Washington. Indudablemente debía ir a Washington. Por lo común detestaba los viajes, solía decir que ya había viajado bastante al huir del Fraunhoffer lnstitute para cruzar toda Europa sin ponerse al alcance de los nazis. La vida era tranquila y fácil en la universidad de Pensilvania, cosa que le parecía perfecta. De todos modos tendría que romper esa paz por un momento; era necesario ir a Washington. Y mientras lo pensaba iba ya guardando metódicamente un grueso paquete de papeles en una cartera tan vieja y poco respetable como la que el profesor Moshkin tenía sobre las rodillas, en ese mismo instante, en la ciudad de Moscú.

Hubo un rumor de pasos por el corredor y unos nudillos golpearon el cristal esmerilado de la puerta. Weisman no respondió; estaba demasiado concentrado en sus pensamientos como para escuchar nada. Sólo levantó los ojos cuando se abrió la puerta. Una cara barbuda asomó por ella.

—Oye, Sam, ¿qué me cuentas? ¿Te enteraste de lo que pasó en esa ciudad de Inglaterra?

—¡Ah, Danny! Pasa. Quiero preguntarte algo.

—¡Ah! No te has enterado. Uno de los propulsores de la Prometeo hizo volar una ciudad entera. No se sabe cuántas víctimas ha habido. Dicen que ha sido peor que un bombardeo atómico…

—Danny, ¿sabes cómo se va a Washington, a la capital?

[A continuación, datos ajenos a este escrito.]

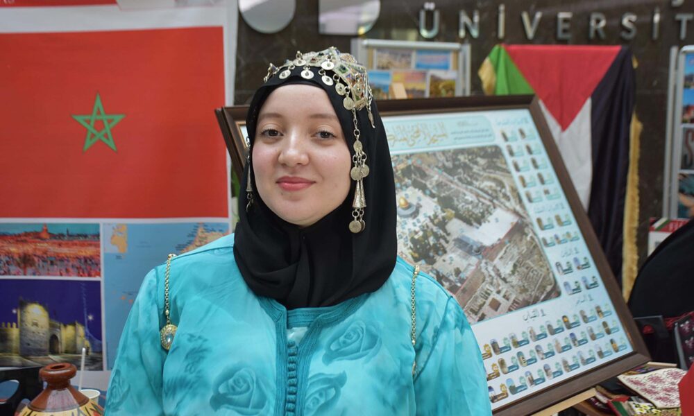 İzmir'deki devlet üniversitelerinde eğitim gören 100'ü aşkın uluslararası öğrenci,kültürlerini, yöresel kıyafetlerini, kültürel öğelerini ve geleneksel yemeklerini tanıttı.Nour Dahmani (Fotoğrafta).Fotoğraf:Seza Nur ALPDÜNDAR/İzmir,(DHA)

Danny estaba por hacer un gesto de asombro, pero se contuvo. Llevaba en su cátedra el tiempo suficiente como para saber ya que sus colegas no eran chiflados, sino individualistas con distinta capacidad de concentración y diferentes motivos de interés. Sam Weisman se había ganado una reputación mundial y un premio Nobel. No le importaban las ciudades arrasadas ni sabía cómo viajar hasta Washington, aunque estaba a ciento cincuenta kilómetros de distancia. Se encogió de hombros y olvidó momentáneamente lo de Cottenham New Town.

—Se puede ir en coche, en autobús o en tren.

—No soporto los vehículos motorizados.

Weisman arrugó el ceño; finalmente sacó del bolsillo un monedero pasado de moda y miró el contenido.

—Tengo cuatro dólares. No creo que sea suficiente.

—No, no lo es. ¿Qué quieres hacer en Washington?

Weisman pasó por alto la pregunta; estaba concentrado ya en la logística del viaje.

—Los Bancos están cerrados —observó—. Pero podrías cambiarme un cheque, ¿verdad, Danny? ¿Crees que bastará con quinientos dólares?

—Con quinientos sobra, pero no suelo llevar tanto dinero encima.

Revisó el contenido de su billetera y agregó:

—Estás de suerte, acabo de cobrar el cheque de mi sueldo. Te daré doscientos dólares; me los devuelves a tu regreso. Se te puede dar crédito.

Weisman se puso la chaqueta.

—¿Cuántas estaciones de ferrocarril hay en Filadelfia?

—No te preocupes, yo te llevaré. Saca pasaje hasta la capital. Trata de conseguir asiento en el Metroliner, porque los trenes viejos te producirán hemorroides antes de que lleves cinco kilómetros.

—Muy amable —agradeció el profesor, mientras se ponía el sombrero—. ¿Sabes dónde queda el Instituto Smithsoniano? Tengo una amiga allí.

—Trataré de dominarme; no te voy a preguntar qué tienes que hacer allí a esta hora, porque ya sé que no me contestarás. Cuando llegues a Washington busca un taxi y dale el nombre del Instituto. Lo encontrarás cerrado, sin duda, pero tal vez el sereno te dé la dirección de tu amiga. Sólo puedo desearte buena suerte.

El profesor Weisman se sentó en el coche, muy sereno, con la vieja cartera sobre las rodillas.

En Moscú el profesor Moshkin estaba sentado en la misma posición, con una cartera muy similar. Pero no era ésa la única semejanza.

Los dos eran astrónomos de reputación mundial.

Los dos estaban especializados en el estudio del sol.